Seit fast einer Woche bin ich wieder in Deutschland. Es ist schon komisch. Das halbe Jahr in Spanien war zwar Realität und Alltag aber ganz anders als das, was ich in Deutschland habe und obwohl ich mich gefreut habe, zurück zu kehren, bin ich noch nicht so ganz wieder angekommen.
Es fing schon damit an, dass ich Lisa in Valladolid am Flughafen auf spanische Art mit Küsschen begrüßen wollte. Sie wehrte ab und sagte: "Ich bin keine Spanierin!" ;-)
Am Flughafen in Weeze hatte ich mich schon daran gewöhnt und bin Liko, die mit Deutschlandfahne und Lilly auf mich wartete, auf deutsche Art um den Hals gefallen. Papa, Liko und ich haben, bevor wir uns auf den Weg in unsere Weltmetropole gemacht haben, bei einem Grill in Weeze Mittag gegessen. Da lief ein Fernseher. Und die sprachen Deutsch! Das war so etwas von verwirrend.
Außerdem war das Drama, das in der Realität ablief, viel spannender. Ein Mann und eine Frau hatten Streit, der Mann warf daraufhin den Tisch um und stürmte aus dem Lokal. Besser hätte das auch nicht RTL hingekriegt. Später sahen wir das Paar dann wieder, wie sie sich küssten und sie einen Strauß Tulpen im Arm hatte.
Zuhause habe ich mich dann gefreut, Mama und Mirjam wieder zu sehen. Ich hoffe auch, bald einige meiner Freundinnen treffen zu können, die ich "zurückgelassen" habe. Einige Essener Kommilitonen habe ich schon überrascht. "Du bist wieder da???" Ja, das bin ich. Zumindest körperlich. Innerlich bin ich immer noch überrascht, die Leute in der Bahn auch dann zu verstehen, wenn ich nicht zuhöre, oder nachmittags um drei einkaufen zu können (Ist jetzt nicht Siesta?).
Und so langesam wird klar, dass die Zeit in Spanien vorbei ist... Dazu passt gut ein Zitat aus edm dritten Herr der Ringe Film (Herr der Ringe-Zitate passen immer ;-)): "How do you pick up the threads of an old life?

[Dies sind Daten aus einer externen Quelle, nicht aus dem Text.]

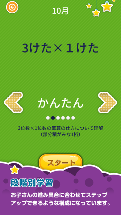 小学3年生で学ぶ算数を学習できるアプリです。わり算、かけ算を中心に、子供の学力に合わせた難易度の問題に取り組めます。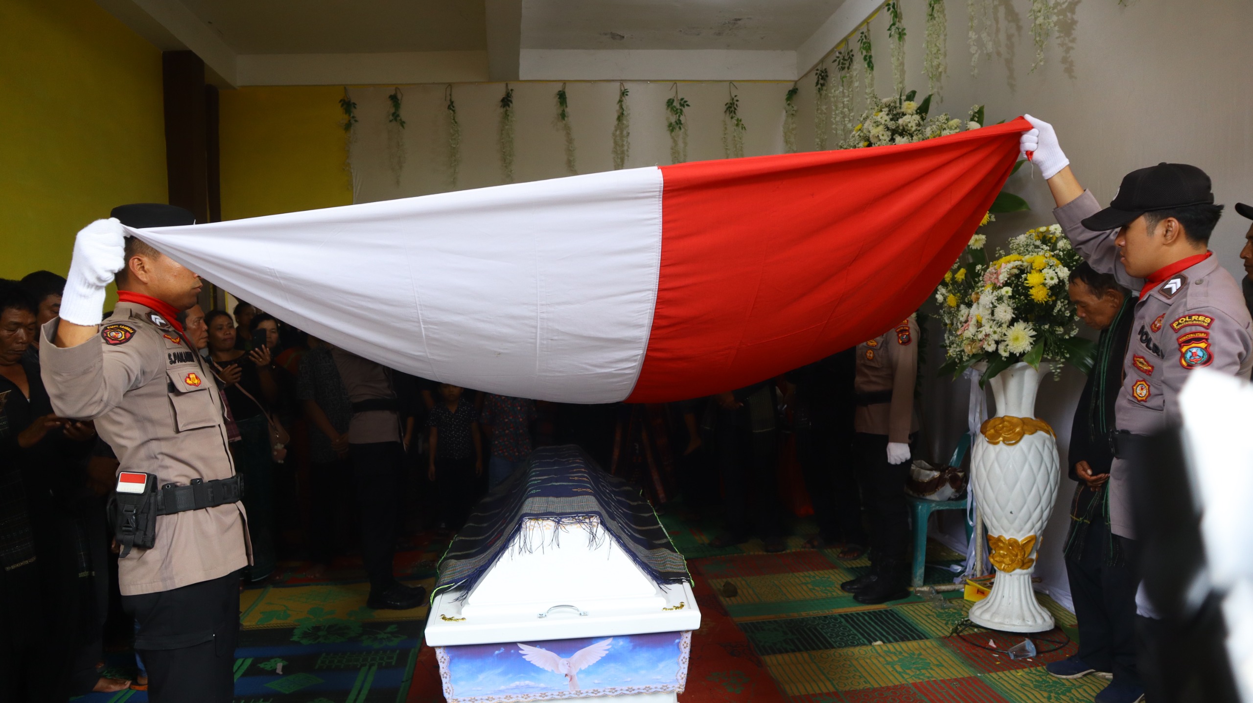 Dalam upacara persemayaman dirangkai dengan peletakan bendera merah putih diatas peti jenazah Almarhum, dilanjutkan penyerahan dari pihak keluarga kepada kepolisian serta penghormatan kepada jenazah dan jenazah siap di berangkatkan untuk dibuktikan.

How do you go on... when in your heart you begin to understand... there is no going back?" Ich fühle mich ein bisschen wie Frodo, als er aus Mordor zurück nach Beutelsend gekehrt ist. So viel ist in den letzten Monaten passiert. Ich habe das Gefühl, länger als ein halbes Jahr weggewesen zu sein.
Mit dem Ende des Erasmus Semesters endet auch dieser Blog. Ich werde noch einen Beitrag schreiben als eine Art Rekapitulation der letzten sechs Monate, aber sonst bleibt mir nicht mehr viel zu schreiben. Ich hoffe, euch hat diese Art der Berichtserstattung gefallen, wenn ich Mails oder Briefe geschrieben hätte, wären die mit Sicherheit weniger detailliert ausgefallen. Dankes für's Lesen.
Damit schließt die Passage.